According to the auditor, their report is an update on "ten years of an uninterrupted reduction in staff" since major reforms were commenced in 2010.
The central purpose of these reforms has been to drive the public away from visiting their local prefecture towards on-line services, such as those for a driving licence, vehicle registration, passports, residence permits and other administrative acts.
The digitalisation of these processes is providing the government with the opportunity to rationalise the network of local public offices and reduce the number of public officials.
This is frequently causing delays in the processing of some administrative acts, as many foreign nationals making an application for a residence permit or seeking French nationality can testify.
Since 2010, no less than 11,000 posts have been abolished, equivalent to 14% of the workforce.
The job cuts in the prefectures, says the Cour de Comptes, "have not been realistic" leading to situations where the only way to be able to continue to perform essential tasks has been to recruit short-term contract workers, "who make their incumbents more precarious and disrupt the services."
The auditor is harsh both on the results and on the method, stating: "The job cuts would have justified a reflection on the distribution of the effort according to the reality of the needs of each region. The opposite has happened since the distribution of cuts has only been aimed at preserving historical balances unrelated to the evolution of the population or activity."

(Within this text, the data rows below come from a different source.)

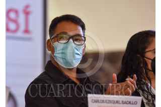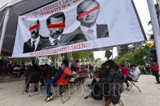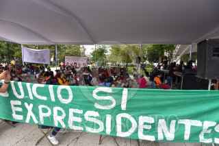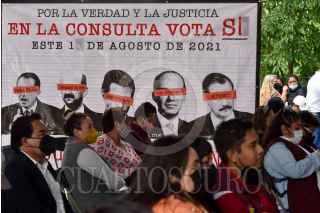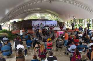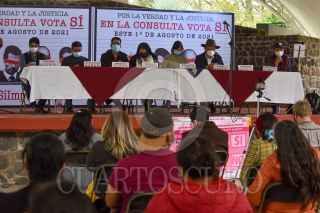 TOLUCA, ESTADO DE MÉXICO, 10JULIO2021.- Omar García, Sobreviviente de Ayotzinapa, Ariadna Bahena, víctima de desplazamiento en Guerrero y Miriam Lisete Pérez Millan, Coordinadora Estatal de la Consulta Popular en el Estado de México, durante la Asamblea Informativa para enjuiciar a los ex presidentes de México en el Parque Cuauhtémoc Alameda Central. FOTO: CRISANTA ESPINOSA AGUILAR /CUARTOSCURO.COM
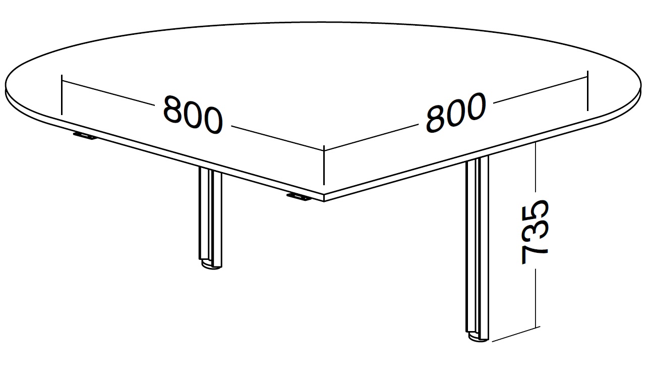 Pracovní deska je z LTD 25 mm zakončená ABS hranou a hliníkové nohy jsou ve standardním provedení povrchově upraveny eloxováním. Podnoží je se stolovou deskou spojeno pomocí rozpěrných kolíků, které zaručují mimořádnou stabilitu celého přísedu. Kvalitu přísedů dokládá certifikace podle přísných evropských norem a ergonomických požadavků na tento typ nábytku. Hliníkové nohy jsou opatřeny rektifikací 15 mm pro vyrovnání nerovností podlahy. Výška přísedů je standardně 735 mm.
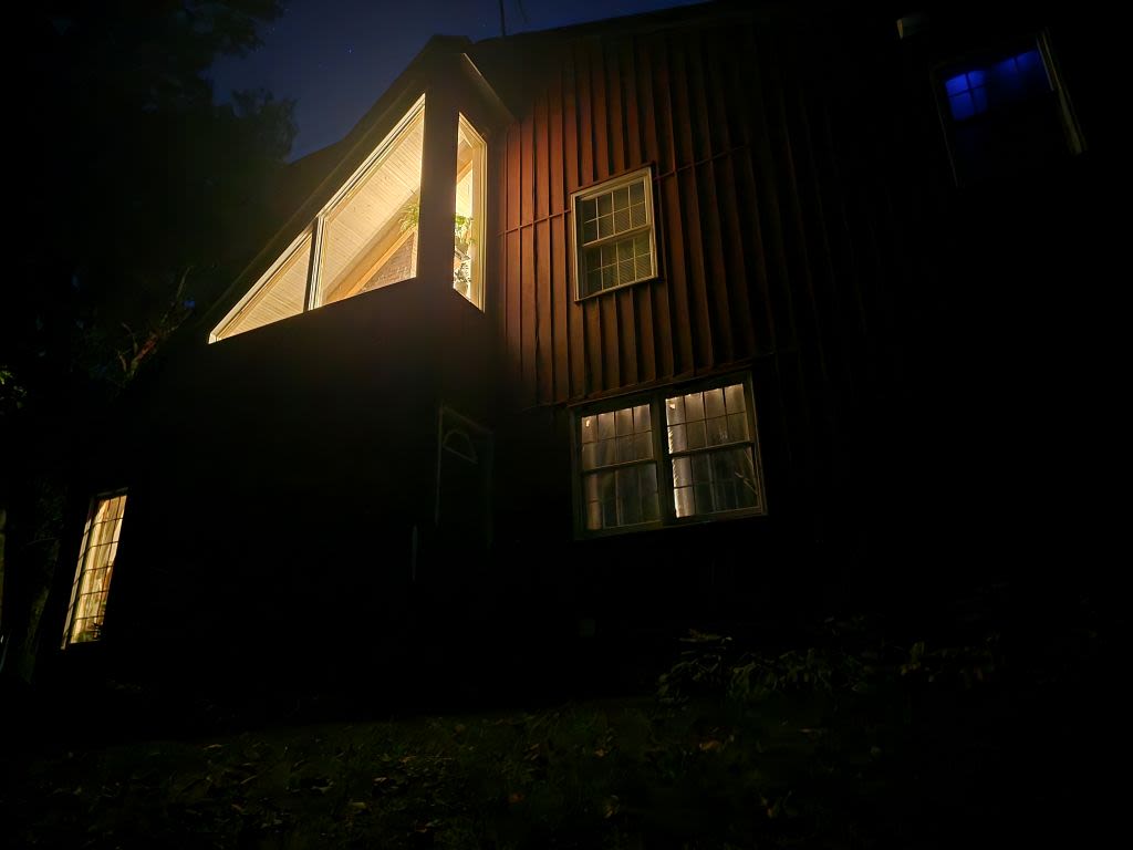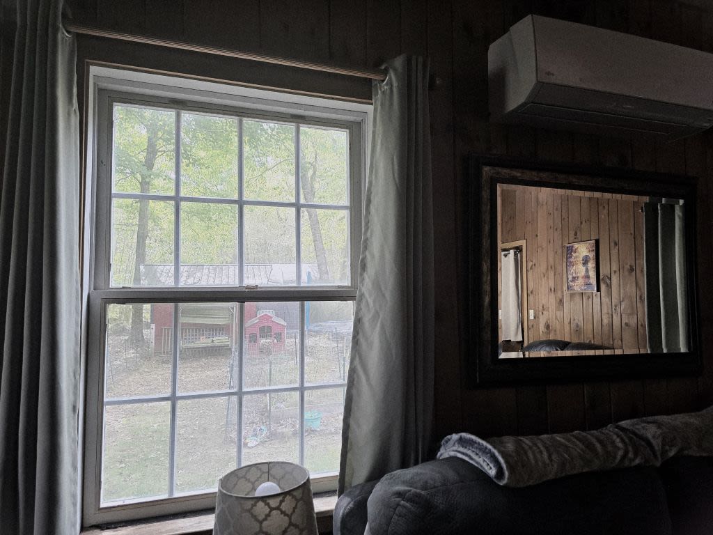 Crooked view of a bedroom window, the same one I stared out of while locked in the house.
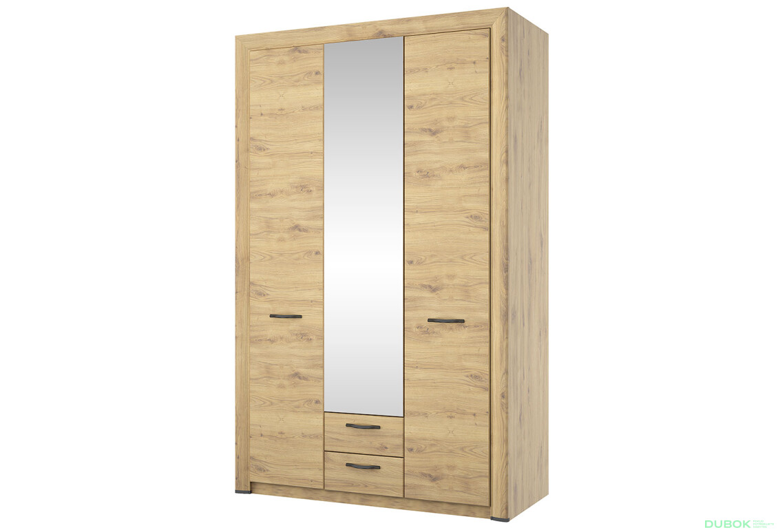 Trojdverová skriňa so zrkadlom a zásuvkami Sapori je ideálnym riešením pre moderné interiéry, ktoré potrebujú praktický a štýlový úložný priestor. S rozmermi 135.8 cm na šírku, 217.1 cm na výšku a 60.3 cm na hĺbku, ponúka dostatok miesta na oblečenie a doplnky. Jej elegantný dizajn s patinovaným povrchom v dekore dub navarra a kovovými úchytkami dodáva priestoru sofistikovanosť. Vnútorné usporiadanie zahŕňa police, tyč na oblečenie a zásuvky, čo zabezpečuje maximálnu funkčnosť a prehľadnosť v usporiadaní vašich vecí. Skriňa je vyrobená z kvalitných materiálov, ako sú drevotrieska, MDF a sklo, čo zaručuje jej dlhú životnosť a odolnosť.

The workforce in the prefectures decreased between 2010 and 2020 from 27,613 to 23,652 (-14%), job cuts mainly affecting administrative staff whose numbers have been reduced by more than a third (-34%). Over the same period the number of staff dealing with security has increased marginally (+1%).

The main victims of these staff reductions have been the sub-prefectures, making these structures (at least those that have not simply closed) "very fragile", notes the auditor.
Another negative consequence of this situation, says the auditor, is the "massive use of individual contractors", recruited in extremis to cope with "peaks in activity", particularly in the issuing of permits.
The application process for residence permits has previously been the subject of critical reports by the French Ombudsman and the French Parliament, mainly due to the waiting times that occur and the poor quality of the on-line systems.
More recently, the supreme administrative court in France, the Conseil d'etat, has added its own weighty opinion to the reliance on on-line systems for residence permits and other services, which they say are not up to the job. They have ruled that applicants must be able to use a paper-based alternative and to be able to have physical access to local officials.
The widespread chaos that occurred with the introduction of the on-line vehicle registration system has also been a huge embarrassment to the government, since compounded by substantial delays that are occurring in processing the exchange of foreign driving licences.
In 2018 the ombudsman produced a report that was also critical of the pace of transfer to on-line services, stating, "a too rapid digitalisation of public services leads to risks of exclusion and an increase in an inability to use rights, jeopardising the equality of all before the public service, which constitutes a fundamental principle of the Republic".
For the auditor, this situation cannot continue: "We cannot be satisfied with the fact that public employment becomes a vector of precariousness", he states.
In response to the report the Minister of the Interior, Gérald Darmanin, who is responsible for the prefectures, indicated by letter to the auditors that he "shares their findings" and that he has chosen to "stop the decrease in jobs in the prefectures."
However, he stopped short of promising any increase in staff to repair the damage that has already been inflicted on services.